Requirement -> Copy every entry word for word. Skip the pictures.
### Extracted entries
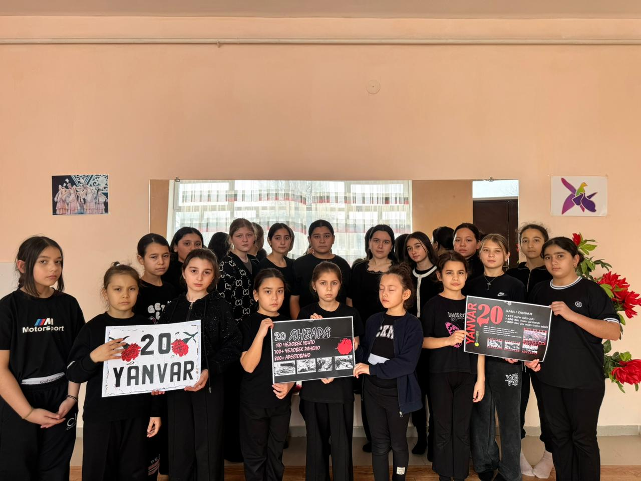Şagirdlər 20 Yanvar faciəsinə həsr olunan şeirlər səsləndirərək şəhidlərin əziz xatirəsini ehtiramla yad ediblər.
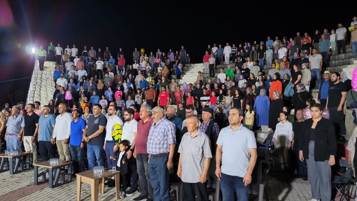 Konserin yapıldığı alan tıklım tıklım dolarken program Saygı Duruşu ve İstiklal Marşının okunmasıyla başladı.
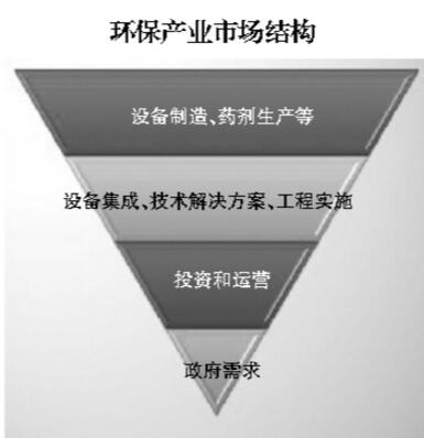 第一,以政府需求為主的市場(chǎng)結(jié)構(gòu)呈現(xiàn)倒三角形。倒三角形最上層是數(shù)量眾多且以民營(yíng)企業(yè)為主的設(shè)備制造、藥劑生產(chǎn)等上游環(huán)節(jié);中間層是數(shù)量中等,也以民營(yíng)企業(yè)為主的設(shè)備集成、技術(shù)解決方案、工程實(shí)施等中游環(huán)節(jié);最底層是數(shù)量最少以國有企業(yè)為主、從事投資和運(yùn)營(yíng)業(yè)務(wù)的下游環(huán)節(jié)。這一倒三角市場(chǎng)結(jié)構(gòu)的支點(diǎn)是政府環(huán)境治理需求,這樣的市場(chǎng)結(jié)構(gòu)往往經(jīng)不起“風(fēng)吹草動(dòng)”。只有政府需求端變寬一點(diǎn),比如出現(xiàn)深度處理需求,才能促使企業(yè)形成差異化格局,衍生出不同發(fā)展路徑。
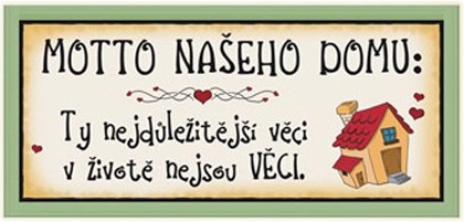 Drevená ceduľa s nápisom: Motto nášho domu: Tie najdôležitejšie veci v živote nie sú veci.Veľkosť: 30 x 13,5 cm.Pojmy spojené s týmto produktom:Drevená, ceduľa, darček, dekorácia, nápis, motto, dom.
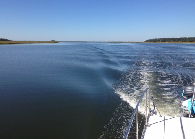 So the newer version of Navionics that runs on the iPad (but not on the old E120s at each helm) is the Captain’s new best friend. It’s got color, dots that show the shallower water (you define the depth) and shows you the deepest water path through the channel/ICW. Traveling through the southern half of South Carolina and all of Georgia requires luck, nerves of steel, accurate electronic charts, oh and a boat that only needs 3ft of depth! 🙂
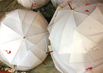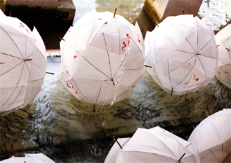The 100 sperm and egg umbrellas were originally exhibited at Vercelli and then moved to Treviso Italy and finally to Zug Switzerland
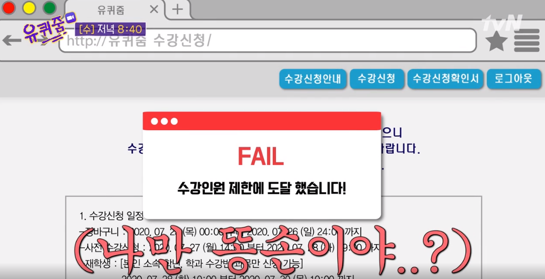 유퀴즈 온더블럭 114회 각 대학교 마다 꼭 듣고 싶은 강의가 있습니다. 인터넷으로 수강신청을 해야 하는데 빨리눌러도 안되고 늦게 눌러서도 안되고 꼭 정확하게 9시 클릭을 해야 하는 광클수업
######
Response box ->
Şagirdlər 20 Yanvar faciəsinə həsr olunan şeirlər səsləndirərək şəhidlərin əziz xatirəsini ehtiramla yad ediblər.
 Konserin yapıldığı alan tıklım tıklım dolarken program Saygı Duruşu ve İstiklal Marşının okunmasıyla başladı.
 第一,以政府需求為主的市場(chǎng)結(jié)構(gòu)呈現(xiàn)倒三角形。倒三角形最上層是數(shù)量眾多且以民營(yíng)企業(yè)為主的設(shè)備制造、藥劑生產(chǎn)等上游環(huán)節(jié);中間層是數(shù)量中等,也以民營(yíng)企業(yè)為主的設(shè)備集成、技術(shù)解決方案、工程實(shí)施等中游環(huán)節(jié);最底層是數(shù)量最少以國有企業(yè)為主、從事投資和運(yùn)營(yíng)業(yè)務(wù)的下游環(huán)節(jié)。這一倒三角市場(chǎng)結(jié)構(gòu)的支點(diǎn)是政府環(huán)境治理需求,這樣的市場(chǎng)結(jié)構(gòu)往往經(jīng)不起“風(fēng)吹草動(dòng)”。只有政府需求端變寬一點(diǎn),比如出現(xiàn)深度處理需求,才能促使企業(yè)形成差異化格局,衍生出不同發(fā)展路徑。
 Drevená ceduľa s nápisom: Motto nášho domu: Tie najdôležitejšie veci v živote nie sú veci.Veľkosť: 30 x 13,5 cm.Pojmy spojené s týmto produktom:Drevená, ceduľa, darček, dekorácia, nápis, motto, dom.
 So the newer version of Navionics that runs on the iPad (but not on the old E120s at each helm) is the Captain’s new best friend. It’s got color, dots that show the shallower water (you define the depth) and shows you the deepest water path through the channel/ICW. Traveling through the southern half of South Carolina and all of Georgia requires luck, nerves of steel, accurate electronic charts, oh and a boat that only needs 3ft of depth! 🙂
The 100 sperm and egg umbrellas were originally exhibited at Vercelli and then moved to Treviso Italy and finally to Zug Switzerland
 유퀴즈 온더블럭 114회 각 대학교 마다 꼭 듣고 싶은 강의가 있습니다. 인터넷으로 수강신청을 해야 하는데 빨리눌러도 안되고 늦게 눌러서도 안되고 꼭 정확하게 9시 클릭을 해야 하는 광클수업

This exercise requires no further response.